Food allergies in general are reactions to proteins found in foods. In the case of a cow’s milk allergy, that reaction is to either the whey and/or casein protein found in milk. Babies with a cow’s milk allergy will react to the protein passed to them through breastmilk as well as to the protein in most infant formulas. This means that breastfeeding moms must remove dairy from their diets. For some moms this may just mean obvious sources of dairy such as milk, cheese, and yoghurt (note: eggs are not dairy – I actually read an article by a doctor listing eggs as dairy *face-palm*). More sensitive babies may require complete removal of all dairy-containing foods from their diets, even foods in which a milk product is a very minor ingredient. Babies who are formula-fed will require special hypoallergenic formula in which the proteins are broken-down so that they can digest them.

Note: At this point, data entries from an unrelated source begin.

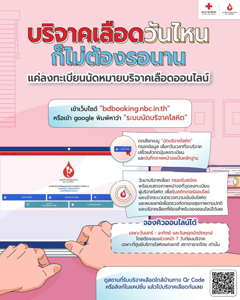 • สภากาชาดไทย เปิดให้จองคิดบริจาคเลือดแบบออนไลน์ เฉพาะศูนย์บริการโลหิตแห่งชาติ ถนนอังรีดูนังต์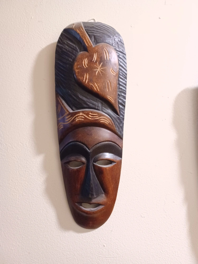 Hand-Carved Wooden Mask Wall Hanging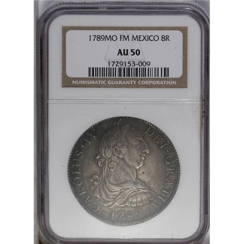 A mixed trio including: 8 Reales 1789 Mo--FM, AU50 NGC;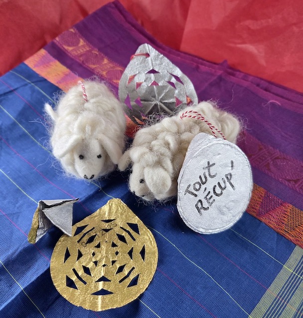 Des décorations tout récup’ appréciée par les brebis en feutre du Si Tu Veux !
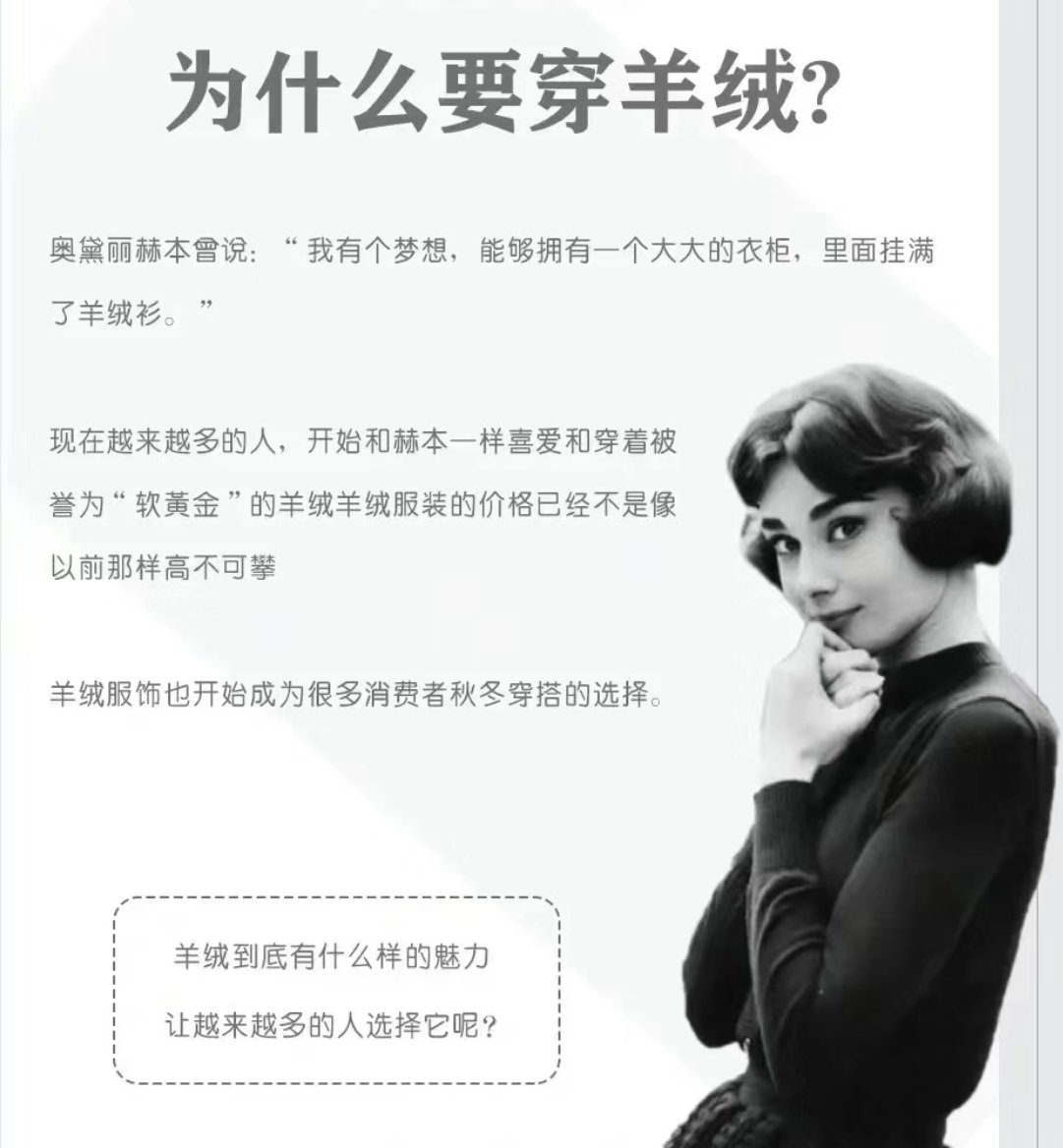 越来越多的人,开始和赫本一样爱着和穿着被誉为“软黄金”的羊绒.它轻柔、温暖、帖肤的质感也被越来越多的人喜欢!~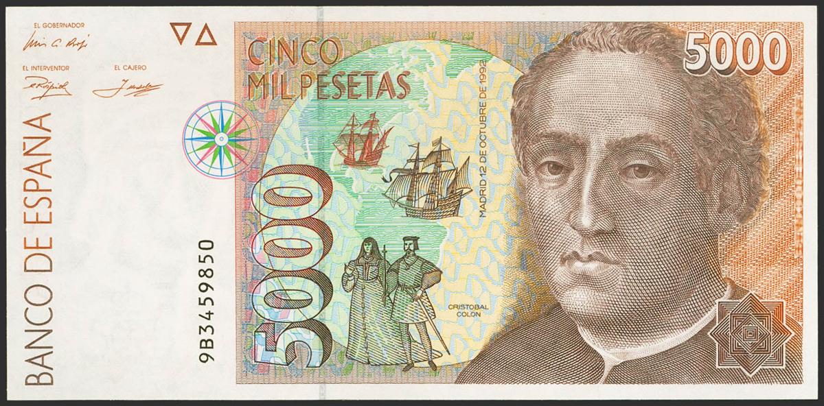 English 5000 Pesetas. October 12, 1992. Special series 9B. (Edifil 2021: 484b). Uncirculated.

A cow’s milk allergy is not the same as lactose intolerance which is a reaction to the lactose which is a milk sugar, not a protein. Lactose intolerance is actually extremely uncommon in infants as lactose is present in breastmilk. Generally, lactose intolerance is something that develops as children age. This means that lactose-free dairy products are unsafe for people with cow’s milk allergy and mom’s who are breastfeeding babies with this allergy.

Some people with cow’s milk allergy may tolerate goat’s milk. Goat’s milk contains casein but a slightly different version than that found in cow’s milk. However, the similar structure means that some people who are allergic to cow’s milk will also react to goat’s milk.

In things that I never thought would be an issue: I can’t tell you how many times I’ve asked if a baked good is dairy-free and received the response that they contain gluten. Huh? I’m not sure if this is indicative of people genuinely not knowing what dairy and/or gluten is or if it’s a result of avoidance of both these things being trendy. For those who genuinely may not be aware: dairy is products made from cow’s milk such as ice cream, cheese, yoghurt, milk, and butter. Gluten is a protein found in some grains, wheat being the most commonly consumed.

Do you have a food allergy? I’d love to hear your stories of ignorant comments below.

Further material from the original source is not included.